"The Importance of being Ernest, Ekundayo, or Eswari: An Interpretable Machine Learning Approach to Name-based Ethnicity Classification" Authors: Vaishali Jain, Ted Enamorado, and Cynthia Rudin
Citation: Jain, V., Enamorado, T., & Rudin, C. (2022). The Importance of Being Ernest, Ekundayo, or Eswari: An Interpretable Machine Learning Approach to Name-Based Ethnicity Classification.
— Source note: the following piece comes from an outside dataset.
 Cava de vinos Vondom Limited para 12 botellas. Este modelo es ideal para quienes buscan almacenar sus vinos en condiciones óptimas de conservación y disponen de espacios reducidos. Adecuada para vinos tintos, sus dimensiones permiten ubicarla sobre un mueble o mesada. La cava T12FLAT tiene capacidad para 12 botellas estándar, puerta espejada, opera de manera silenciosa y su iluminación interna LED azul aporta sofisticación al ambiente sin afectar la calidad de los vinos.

Harvard Data Science Review, 4(3). https://doi.org/10.1162/99608f92.db1aba8b
You can download the datasets from NC and FL from here: https://users.cs.duke.edu/~cynthia/ethnicIA/Data/. The GA data is not publicly available, so we have created 3 processed training and test datasets using only NC and FL that can be useful for testing algorithms.
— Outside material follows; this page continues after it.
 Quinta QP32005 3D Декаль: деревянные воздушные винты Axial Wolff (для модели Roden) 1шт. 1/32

Step 1: Run Code/R/01_Create_Train_Features_Master_sparse.R and Code/R/01_Create_Train_Features_Master_UID.R to generate all training datasets Step 2: Run Code/R/02_Create_Test_Features_Master_sparse.R and Code/R/02_Create_Test_Features_Master_UID.R to generate all test datasets Step 3: Run function ethnicIA_model_training() in Code/python/ethnicIA_paper_results.py file to train all the required models Step 4: Run functions corresponding to the respective experiment from Code/python/ethnicIA_paper_results.py file to replicate the results.
Follow any instruction provided in the functions in the python file. (Open up Code/python/ethnicIA_paper_results.py for clarification on this step.)
Run Code/R/03_Create_Features_FLGA_multCuts.R and Code/R/03_Plot_multCuts.R to generate the contour plot shown in Figure 1.